=== Exercise brief ===
Take from the entries below the stretch from the line with "Острым ножом разрежьте" through the line with "Лицевая сторона —", and return it exactly, leaving the pictures out.

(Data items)
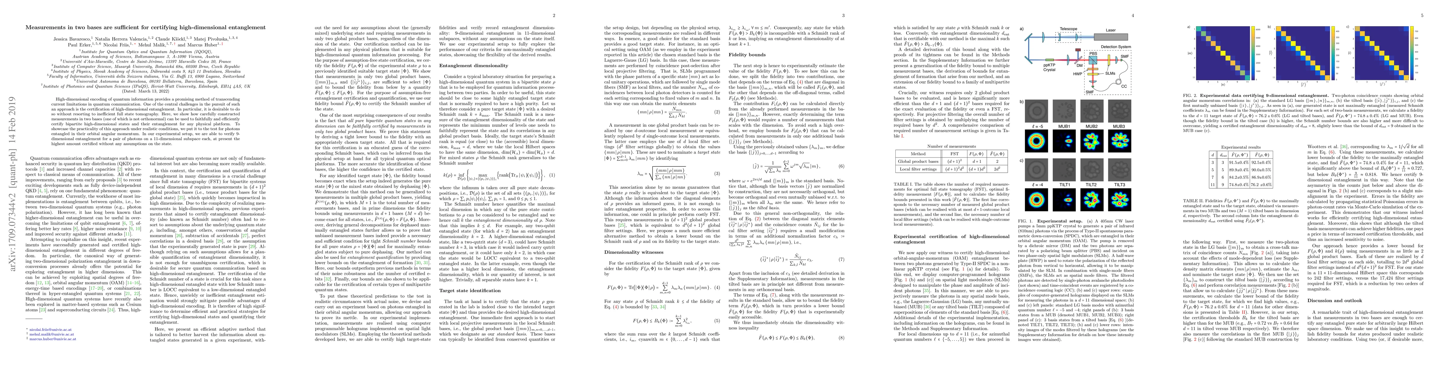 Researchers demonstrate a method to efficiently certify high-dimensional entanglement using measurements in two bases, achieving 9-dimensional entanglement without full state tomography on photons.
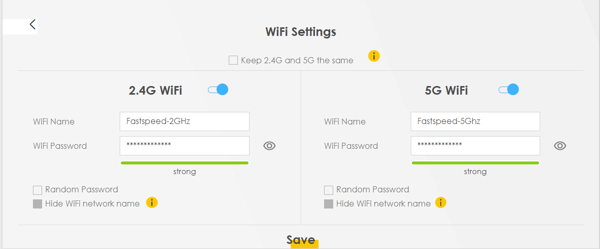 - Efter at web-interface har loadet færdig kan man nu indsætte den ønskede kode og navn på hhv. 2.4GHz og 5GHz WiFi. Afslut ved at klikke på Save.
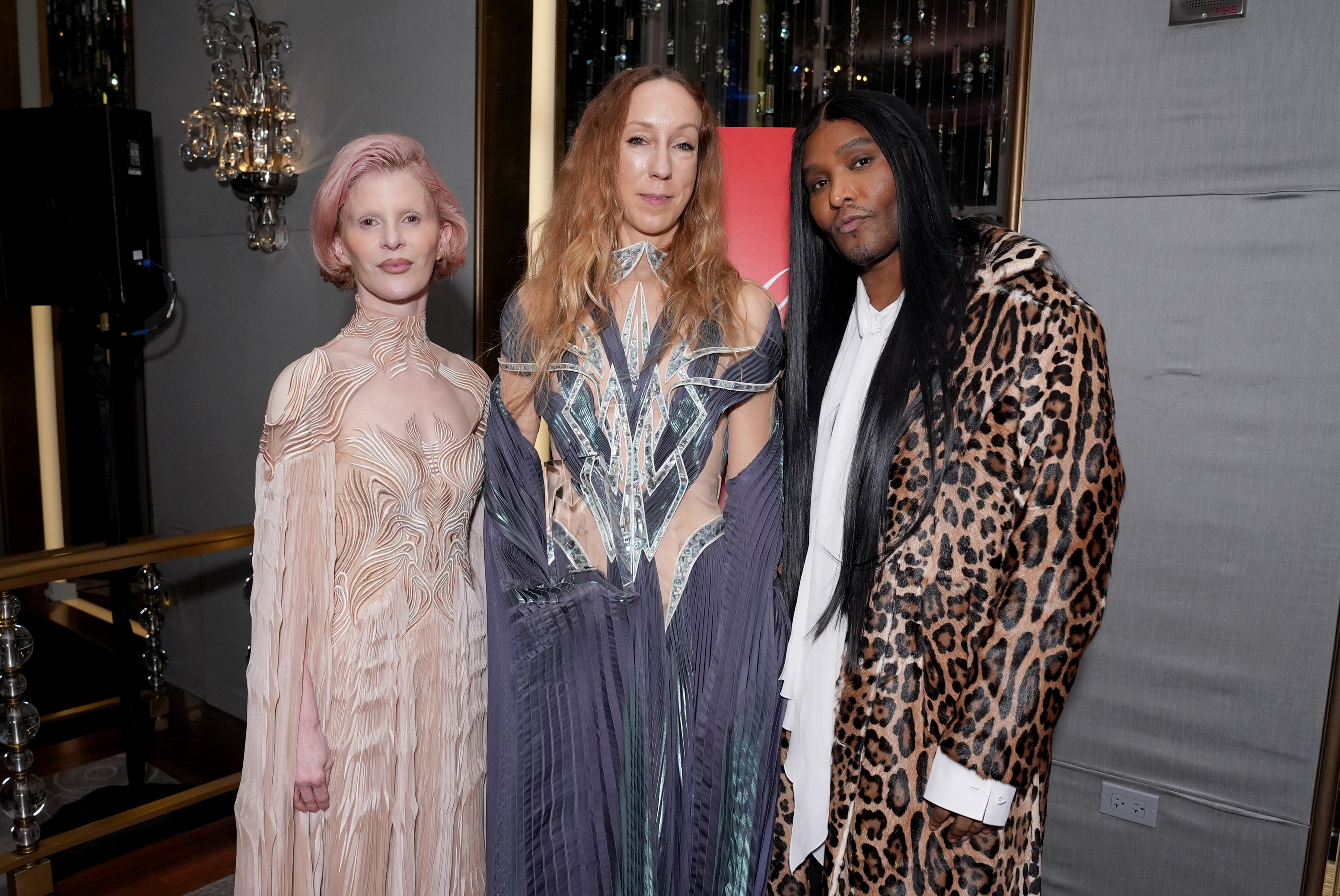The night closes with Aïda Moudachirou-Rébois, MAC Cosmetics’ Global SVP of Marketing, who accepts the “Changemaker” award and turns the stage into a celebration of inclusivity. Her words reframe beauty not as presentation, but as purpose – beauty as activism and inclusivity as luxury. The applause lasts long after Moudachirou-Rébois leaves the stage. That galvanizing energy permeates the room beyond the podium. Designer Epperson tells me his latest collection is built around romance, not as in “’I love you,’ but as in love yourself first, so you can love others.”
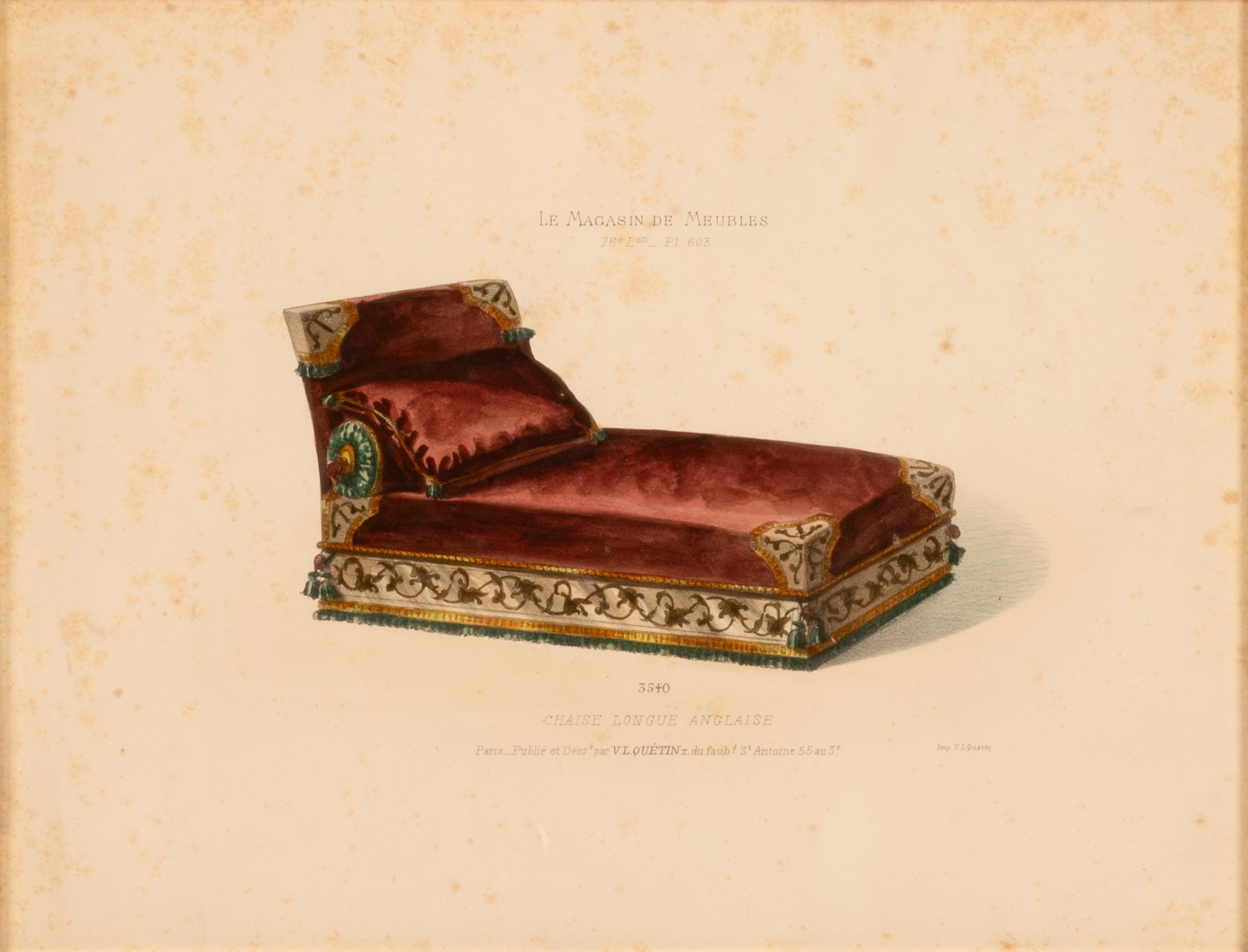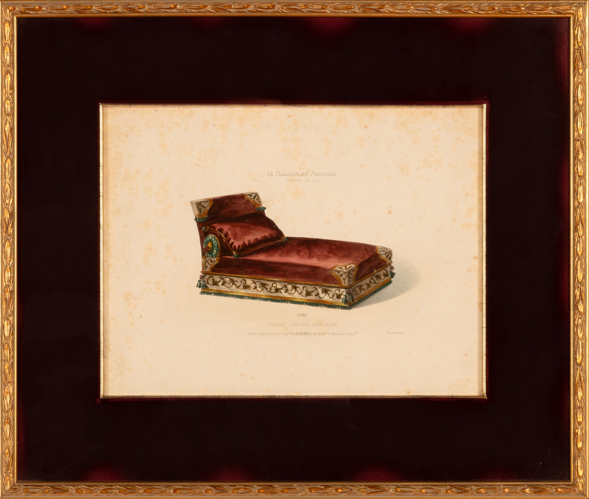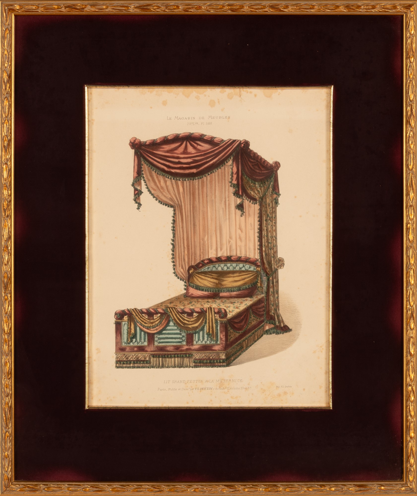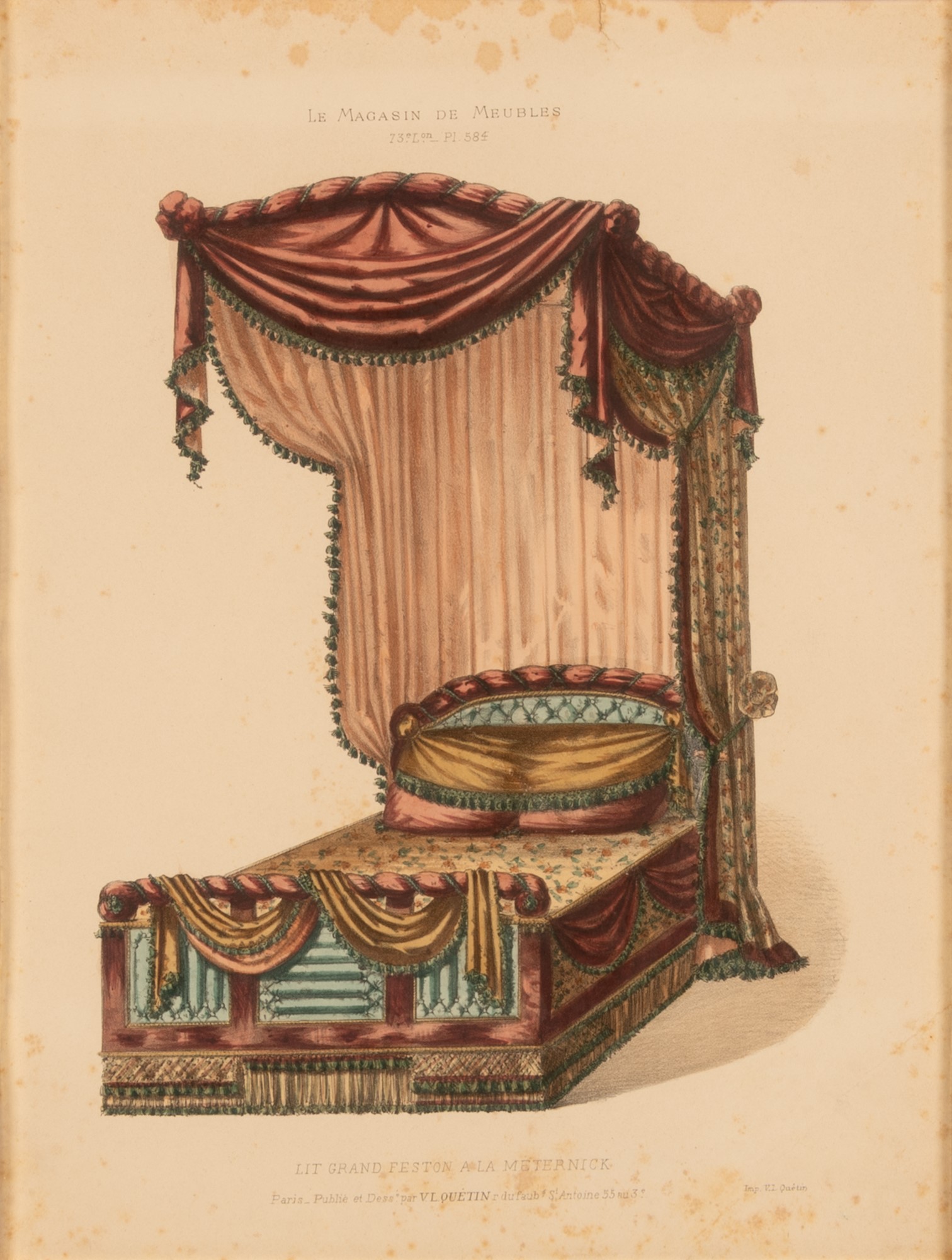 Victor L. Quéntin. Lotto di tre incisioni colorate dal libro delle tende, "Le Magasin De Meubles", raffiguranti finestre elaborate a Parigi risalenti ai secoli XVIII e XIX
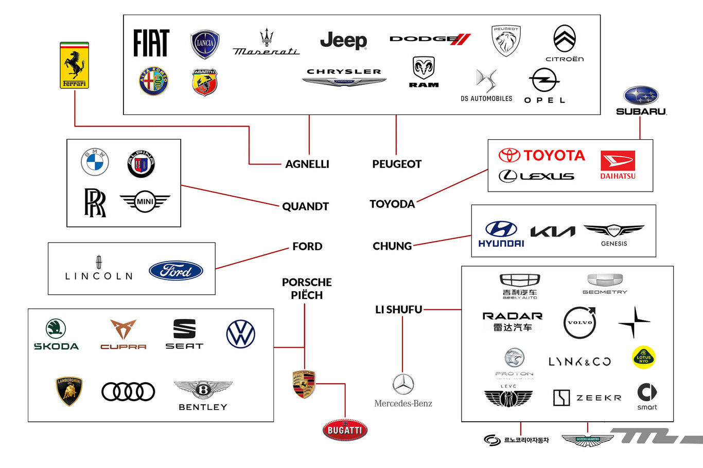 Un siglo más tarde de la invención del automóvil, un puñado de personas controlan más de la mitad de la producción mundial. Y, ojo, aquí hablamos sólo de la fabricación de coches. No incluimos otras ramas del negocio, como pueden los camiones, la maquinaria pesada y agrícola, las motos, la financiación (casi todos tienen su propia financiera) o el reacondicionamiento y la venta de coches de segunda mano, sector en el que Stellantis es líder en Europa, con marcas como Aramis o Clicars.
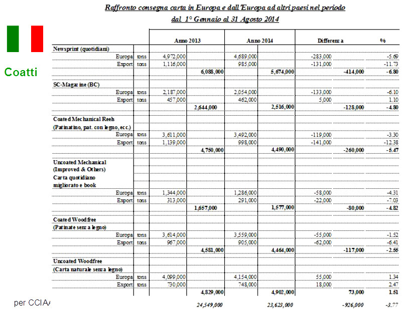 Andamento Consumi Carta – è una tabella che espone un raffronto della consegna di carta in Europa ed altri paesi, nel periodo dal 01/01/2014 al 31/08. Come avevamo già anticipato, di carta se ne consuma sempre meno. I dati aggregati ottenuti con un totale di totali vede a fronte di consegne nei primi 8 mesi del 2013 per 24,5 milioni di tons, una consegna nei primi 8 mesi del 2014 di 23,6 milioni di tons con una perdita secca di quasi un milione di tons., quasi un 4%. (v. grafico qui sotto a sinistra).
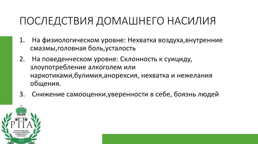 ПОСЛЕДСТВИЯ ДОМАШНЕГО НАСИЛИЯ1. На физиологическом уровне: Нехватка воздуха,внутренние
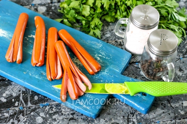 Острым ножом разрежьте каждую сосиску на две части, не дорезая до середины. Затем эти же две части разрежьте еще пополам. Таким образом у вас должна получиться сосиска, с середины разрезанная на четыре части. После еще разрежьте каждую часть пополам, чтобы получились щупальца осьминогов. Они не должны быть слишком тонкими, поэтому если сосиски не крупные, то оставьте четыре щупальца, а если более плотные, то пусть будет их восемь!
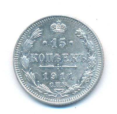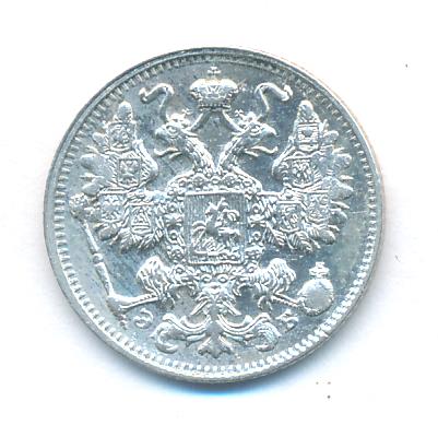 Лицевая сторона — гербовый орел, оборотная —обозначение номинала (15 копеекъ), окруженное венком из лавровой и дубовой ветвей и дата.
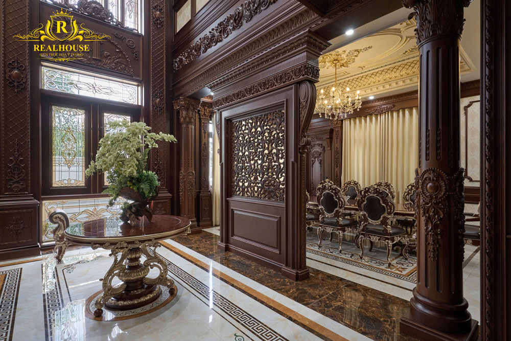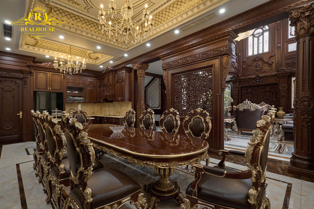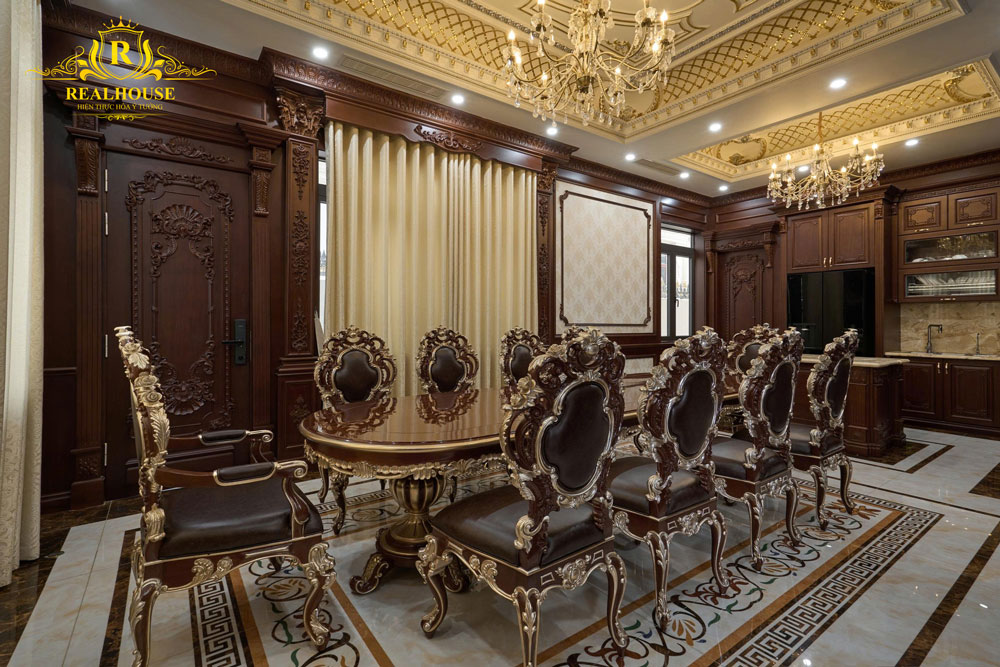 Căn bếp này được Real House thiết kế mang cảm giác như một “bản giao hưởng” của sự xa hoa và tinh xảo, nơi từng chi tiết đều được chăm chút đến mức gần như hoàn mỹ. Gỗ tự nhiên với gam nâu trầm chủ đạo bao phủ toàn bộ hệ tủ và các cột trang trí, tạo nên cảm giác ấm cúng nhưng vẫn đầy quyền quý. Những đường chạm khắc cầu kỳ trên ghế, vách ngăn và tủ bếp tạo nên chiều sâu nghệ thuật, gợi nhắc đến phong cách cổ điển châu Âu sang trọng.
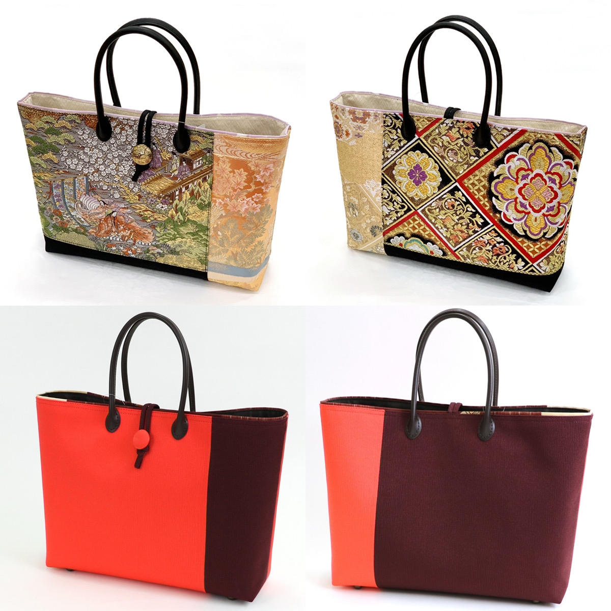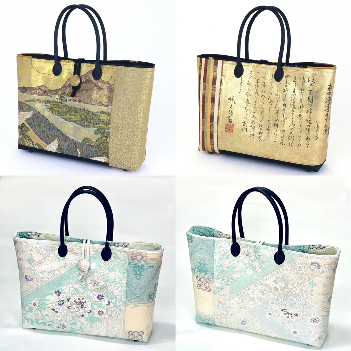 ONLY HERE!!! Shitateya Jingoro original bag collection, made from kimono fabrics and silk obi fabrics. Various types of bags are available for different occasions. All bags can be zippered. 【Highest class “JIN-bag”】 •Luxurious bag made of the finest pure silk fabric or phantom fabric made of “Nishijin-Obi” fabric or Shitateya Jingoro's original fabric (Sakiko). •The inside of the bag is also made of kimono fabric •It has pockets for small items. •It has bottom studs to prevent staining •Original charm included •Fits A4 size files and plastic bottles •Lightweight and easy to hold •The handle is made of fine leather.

=== Expected answer ===
 Острым ножом разрежьте каждую сосиску на две части, не дорезая до середины. Затем эти же две части разрежьте еще пополам. Таким образом у вас должна получиться сосиска, с середины разрезанная на четыре части. После еще разрежьте каждую часть пополам, чтобы получились щупальца осьминогов. Они не должны быть слишком тонкими, поэтому если сосиски не крупные, то оставьте четыре щупальца, а если более плотные, то пусть будет их восемь!
 Лицевая сторона — гербовый орел, оборотная —обозначение номинала (15 копеекъ), окруженное венком из лавровой и дубовой ветвей и дата.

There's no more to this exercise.